Mon, 19/02/2024 - 14:51
How Can the Behavioral Sciences Inform the Climate Crisis Response?

The climate crisis is one of humanity’s most consequential and challenging threats, and addressing it requires massive behavioral and structural changes. As such, the behavioral sciences can play a critical role in this effort, through large-scale interventions and policy innovations. Following a unifying theoretical framework and leveraging a large array of methods, I investigate avenues in which the behavioral sciences can inform the climate crisis response, by changing false beliefs and stimulating climate action at the individual, collective, and system level. At the individual level, I use behavioral experiments to explore belief change strategies leveraging cognitive processes such as mnemonic accessibility, prediction errors, and emotional arousal, that can be used to decrease the prevalence of climate misinformation.

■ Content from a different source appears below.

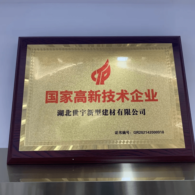2020年9月,國家工業(yè)和信息化部發(fā)布了第六批綠色制造名單,湖北世宇建材位列其中,榮膺“綠色工廠”稱號。2021年,世宇建材成功認定為國家高新技術企業(yè)。此項認證,對世宇建材促進科技創(chuàng)新發(fā)展、提升品牌形象、提高企業(yè)市場價值、提高企業(yè)資本價值等方面具有重要意義!世宇建材獲得的各項榮譽,不計其數。也收獲了一系列行業(yè)矚目的成績,這些榮譽和成績是認可,更是我們加倍前行的動力

At the collective level, I use social network analysis to investigate emergent properties of collective beliefs, such as synchronization and polarization, to maximize the effectiveness of individual interventions deployed in communities. At the system level, I investigate cycles of climate denialism propagation between society and artificial intelligence algorithms. Finally, to link conceptual processes to their behavioral signatures, I take a global megastudy approach to empirically test the relative effectiveness of the main theoretically informed behavioral interventions at stimulating collective climate action in 63 countries. Together, these theoretical insights spanning individual, collective, and systemic levels of analyses aim to inform policy and streamline the behavioral sciences’ response to the climate crisis.